▸ **YOUR GOAL**
Within the lines below, the span from the line with "5. Hardware ID—This" to the line with "半小時前【甘味人生】9X益生菌 - 胡瓜輕鬆甩肉16公斤秘訣大公開", both ends included, is to be reproduced exactly, with pictures omitted.
Segment Start: SUPPLIED RECORDS
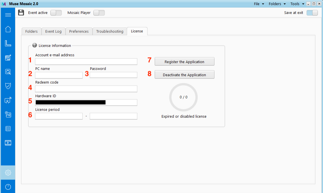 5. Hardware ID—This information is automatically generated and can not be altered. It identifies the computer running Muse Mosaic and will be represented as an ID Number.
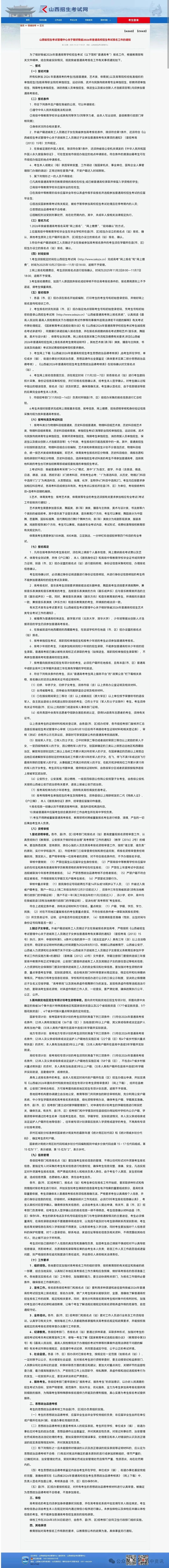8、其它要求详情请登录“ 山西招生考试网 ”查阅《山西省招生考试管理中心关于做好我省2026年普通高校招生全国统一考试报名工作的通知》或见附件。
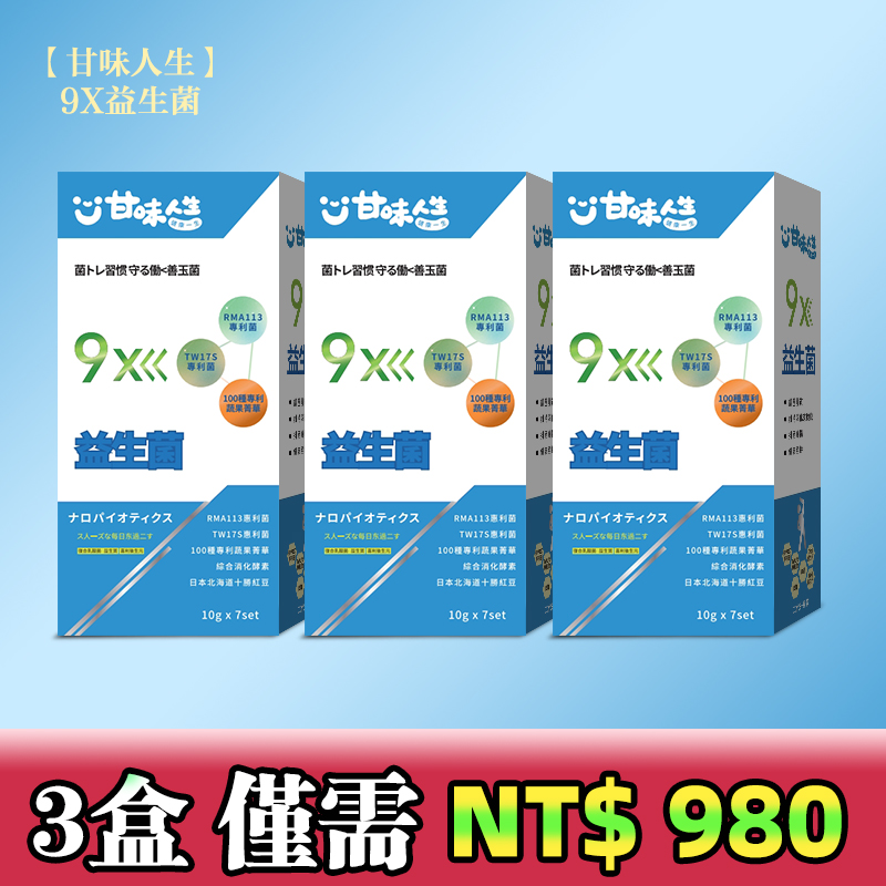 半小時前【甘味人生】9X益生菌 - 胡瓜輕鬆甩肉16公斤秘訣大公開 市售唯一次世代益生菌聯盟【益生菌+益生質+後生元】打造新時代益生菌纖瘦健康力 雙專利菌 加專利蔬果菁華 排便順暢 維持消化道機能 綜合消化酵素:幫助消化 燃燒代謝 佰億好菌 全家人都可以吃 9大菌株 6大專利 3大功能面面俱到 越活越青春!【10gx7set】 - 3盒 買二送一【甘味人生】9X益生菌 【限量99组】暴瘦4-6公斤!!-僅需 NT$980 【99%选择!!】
Segment End: SUPPLIED RECORDS
Segment Start: SUPPLIED RECORDS
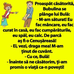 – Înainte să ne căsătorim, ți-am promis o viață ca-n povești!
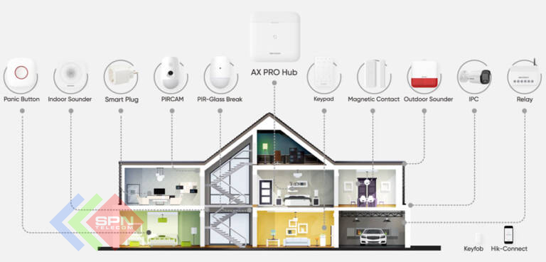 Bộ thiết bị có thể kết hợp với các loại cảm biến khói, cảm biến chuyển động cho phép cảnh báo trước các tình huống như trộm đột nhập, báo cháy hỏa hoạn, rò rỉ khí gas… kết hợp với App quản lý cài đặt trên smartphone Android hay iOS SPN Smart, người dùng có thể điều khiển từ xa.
Segment End: SUPPLIED RECORDS
▸ **EXERCISE SOLUTION**
 5. Hardware ID—This information is automatically generated and can not be altered. It identifies the computer running Muse Mosaic and will be represented as an ID Number.
8、其它要求详情请登录“ 山西招生考试网 ”查阅《山西省招生考试管理中心关于做好我省2026年普通高校招生全国统一考试报名工作的通知》或见附件。
 半小時前【甘味人生】9X益生菌 - 胡瓜輕鬆甩肉16公斤秘訣大公開 市售唯一次世代益生菌聯盟【益生菌+益生質+後生元】打造新時代益生菌纖瘦健康力 雙專利菌 加專利蔬果菁華 排便順暢 維持消化道機能 綜合消化酵素:幫助消化 燃燒代謝 佰億好菌 全家人都可以吃 9大菌株 6大專利 3大功能面面俱到 越活越青春!【10gx7set】 - 3盒 買二送一【甘味人生】9X益生菌 【限量99组】暴瘦4-6公斤!!-僅需 NT$980 【99%选择!!】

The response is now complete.